In December 1644, the fast day was due to fall on Christmas Day for the first time. Parliament issued an order squashing any doubts that the fast should be abandoned. At the same time, Oliver Cromwell was becoming more prominent as the military and political leader of the Parliamentary forces against King Charles I in the English Civil War. His stringent fundamentalist Puritan views on religious observance and public behaviour prompted the first of many laws forbidding Christmas.
This day in particular is to be kept with the more solemn humiliation because it may call to remembrance our sins and the sins of our forefathers who have turned this feast, pretending the memory of Christ, into an extreme forgetfulness of him by giving liberty to carnal and sensual delights, being contrary to the life which Christ himself led upon the earth…’ – Extract from Council of State Letters and Papers SP 25/15
Cromwell and his allies in Parliament objected to the excess and debauchery that followed the traditional celebration of Christmas. They drew up strict rules to cleanse the country of such decadence. The existing fast to remember famine and suffering in Ireland then became linked to a clampdown on merrymaking and promiscuous behaviour.
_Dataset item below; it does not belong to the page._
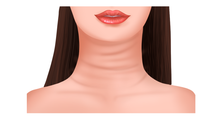 頸部皮膚與面部皮膚一樣,也受到時(shí)間和環(huán)境的影響。隨著年齡的增加,頸部皮膚水分丟失、膠原蛋白流失,皮膚彈性下降,出現(xiàn)不同程度的皮膚松弛,頸紋明顯增加。頸部脂肪堆積也會(huì)導(dǎo)致皮膚下垂形成頸紋,除了自身老化外,紫外線照射、忽略頸部皮膚保養(yǎng)、長(zhǎng)時(shí)間低頭等因素也會(huì)促進(jìn)頸紋的形成。

All familiar festivities relating to Christmas were banned: from winter celebrations such as feasting, carolling to traditional decorations like holly. The restriction also meant that worshiping idols, using the word ‘Christmas’, or taking the Lord’s name in vain became serious offences. England at Christmas must suddenly have seemed joyless – especially when the new laws came on top of existing proclamations concerning the abolition of the theatre and public performance of plays.
Nevertheless, later entries among the government papers suggest that the ban on Christmas and other holy day festivities continued to be ignored. Many tried to resist the directive at first, and groups of young men staged pro-Christmas riots in London and Canterbury, smashing the windows of shopkeepers who continued to trade on Christmas Day. Such riots were soon put down and by the 1650s Christmas had ceased to be celebrated in most English churches.
Sean Cunningham, Head of Medieval and Early Modern Records, The National Archives, explains, “Although this might seem like the ultimate Christmas Scrooge story, it’s no surprise that the anti-Christmas legislation was ignored by many people who continued to follow ancient traditions in secret. What is most astonishing, however, is that for almost two decades the festivities of Christmas week were officially forbidden. If the ban hadn’t been publicly reversed by Charles II, the joys of Christmas might have been a time consigned to history.”
Professor Mark Stoyle of the University of Southampton adds, “The Puritans did their best to stamp the festivities out, but, in the end, the popular urge to get together with friends and family and feast at Christmas was too strong for them.”